The general steps to perform molecular docking, assuming the ligand and receptor are ready to be docked, include the generation of potential ligand binding poses and the scoring of each generated pose (which predicts how strongly the ligand binds to the receptor, with a more negative score corresponding to a stronger bond). To dock a ligand to a protein, (insert text).<br>

This notebook series encompasses<br>
1. The preparation needed prior to docking (protein and ligand sanitation, ensuring files are in readable formats, and finding possible binding pockets)
2. The process of docking ligand/s to a protein receptor using two docking engines (VINA and SMINA) and visualizing/analyzing the outputs
3. Further data collection and manipulation
4. __Utilizing machine learning to determine key residues (on the protein) and functional groups (on the ligand) responsible for protein-ligand binding__

__Stepwise summary for this notebook (docking preparation, notebook 4 out of 4)__<br>
- Determine the likelihood of a compound being orally bioactive using Lipinski's Rule of Five


## Table of Libraries Used
### Operations, variable creation, and variable manipulation

| Module (Submodule)| Abbreviation | Role | Citation |
| :--- | :--- | :--- | :--- |
| numpy | np | performs mathematical operations, fixes NaN values in dataframe outputs, and gets docking box values from MDAnalysis | Harris, C.R., Millman, K.J., van der Walt, S.J. et al. Array programming with NumPy. Nature 585, 357–362 (2020). DOI: 10.1038/s41586-020-2649-2. (Publisher link). |
| pandas | pd | organizes data in an easy-to-read format and allows for the exporting of data as a .csv file | The pandas development team. (2024). pandas-dev/pandas: Pandas (v2.2.3). Zenodo. https://doi.org/10.5281/zenodo.13819579 |
| re |n/a| regular expression; finds and pulls specific strings of characters depending on need, allows for easy naming and variable creation | Van Rossum, G. (2020). The Python Library Reference, release 3.8.2. Python Software Foundation. |
| os | n/a| allows for interaction with computer operating system, including the reading and writing of files |  Van Rossum, G. (2020). The Python Library Reference, release 3.8.2. Python Software Foundation. |
| sys |n/a| manipulates python runtime environment |  Van Rossum, G. (2020).

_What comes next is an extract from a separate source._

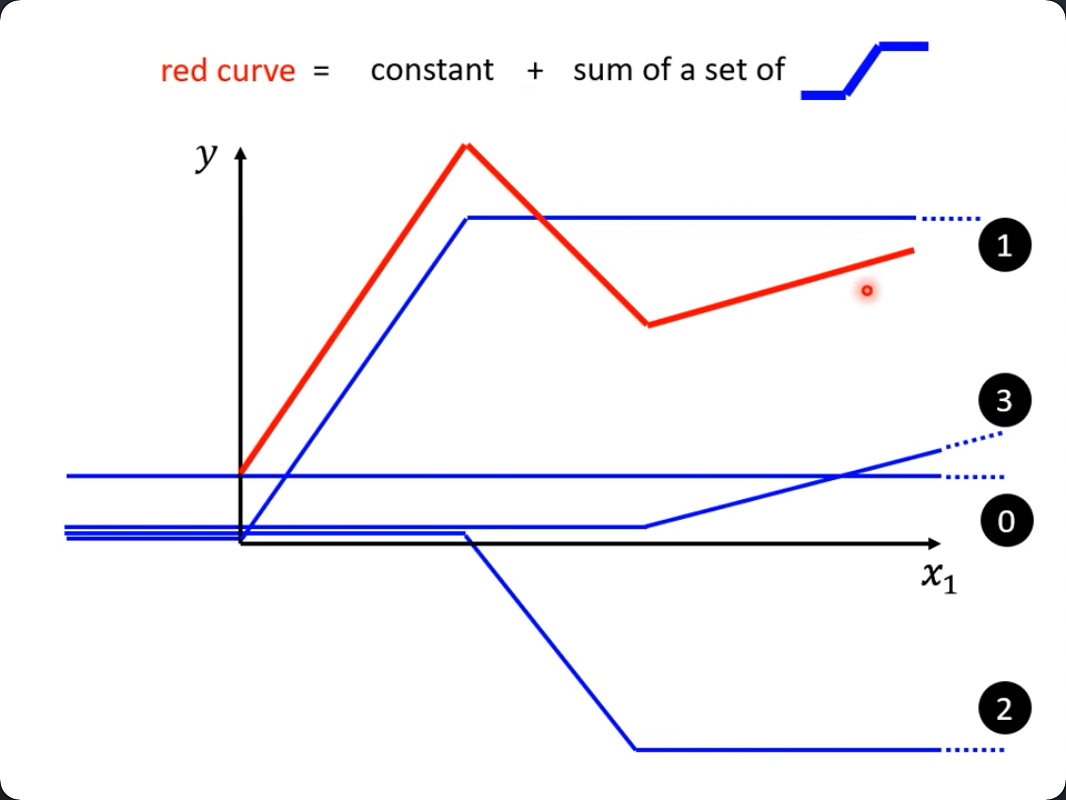 所以,最终成了一个常数(bias)和数个sigmoid函数来逼近真实的曲线。同时,每一个转折点i上s函数的具体形状(比如有多斜多高),就由一个新的线性变换来控制:,把i上累积的线性变换累加,就得到与最可能逼近的曲线。

The Python Library Reference, release 3.8.2. Python Software Foundation.|

### Protein and Ligand Preparation
| Module (Submodule)| Abbreviation | Role | Citation |
| :--- | :--- | :--- | :--- |
| open babel (pybel)| n/a | hygrogenates ligands and prepares ligands for docking |  O'Boyle, N.M., Banck, M., James, C.A. et al. Open Babel: An open chemical toolbox. J Cheminform 3, 33 (2011). https://doi.org/10.1186/1758-2946-3-33.|
| rdkit (Chem)| n/a | ligand creation and sanitation |  RDKit: Open-source cheminformatics; http://www.rdkit.org |

### Machine Learning Methods
| Library/Module | Abbreviation | Role | Citation |
| :--- | :--- | :--- | :--- |
| sklearn (RandomForestClassifier, DecisionTreeClassifier, SVC)| n/a | add descrip. |  Scikit-learn: Machine Learning in Python, Pedregosa et al., JMLR 12, pp. 2825-2830, 2011. |

### Data analysis
| Module (Submodule) | Abbreviation | Role | Citation |
| :--- | :--- | :--- | :--- |
| rdkit (Chem (AllChem, Crippen, Lipinski))| n/a | calculate Lipinski descriptors using RDKit mol and SMILES strings  |  RDKit: Open-source cheminformatics; http://www.rdkit.org |
| prolif | plf | calculate, record, and view protein-ligand interactions|  chemosim-lab/ProLIF: v0.3.3 - 2021-06-11.https://doi.org/10.5281/zenodo.4386984. |

For using this notebook, certain libraries are required in order for analysis to perform as planned. You can either use a conda library (provided as a yml file) or install all required libraries using pip install. Only run the cells below if you will not use a conda library to install required libraries, and only use them as needed. If you are using a conda library, start at the coding cell that imports the libraries.

In [None]:
# create cell to import all libraries via pip install
! pip install numpy

In [None]:
! pip install pandas

In [None]:
! pip install ipywidgets

In [None]:
! pip install mdanalysis

In [None]:
! pip install pybel

In [None]:
! pip install rdkit

In [None]:
! pip install sklearn

In [None]:
! pip install prolif

In [None]:
! pip install scipy

In [None]:
# Random Forest, SVM, DecisionTree
import re
import numpy as np
import pandas as pd
import os, sys
from rdkit import Chem
from rdkit.Chem import Descriptors, AllChem, Draw, Crippen, Lipinski
from rdkit import DataStructs
from rdkit.Chem.Draw import IPythonConsole

from sklearn.model_selection import GridSearchCV, RandomizedSearchCV, train_test_split, cross_val_score, cross_validate
from sklearn.preprocessing import OneHotEncoder, OrdinalEncoder, StandardScaler
from sklearn.pipeline import Pipeline, make_pipeline
from sklearn.compose import ColumnTransformer, make_column_transformer
from sklearn.ensemble import RandomForestClassifier #maybe regressor using score as target

IPythonConsole.ipython_useSVG=True

## Lipinski's Rule of 5 and Oral Bioactivity

In [None]:
#lipinski's rule of 5 and determining if a ligand/derivative is likely to be pharmacologically active using decision tree
# (only for orally active -- look into other routes of administation too?)

In [None]:
lro5 = pd.read_csv('data/ligand_smiles_data.csv') # find way to add other csv files?
# get possible ligands based on receptor protein type?

In [None]:
# determine and record the number of atoms and the number of heavy atoms in each ligand
atom_type_dict = {}
atom_abbriv = ['C','N','O','F','Al','P','S','Cl','Cr','Mn','Fe','Co','Ni','Cu',
               'Zn','Ga','Ge','As','Br','Zr','Mo','Pd','Ag','Cd','In','Sn','Sb',
               'I','Ir','Pt','Au','Hg','Pb','Bi']
mol_format = []
atom_total = []
atom_total_heavy = []
for index, row in lro5.iterrows():
    mol = Chem.MolFromMol2File(row['filename_hydrogens'],sanitize=False)
    if mol is not None:
        mol_H = Chem.AddHs(mol)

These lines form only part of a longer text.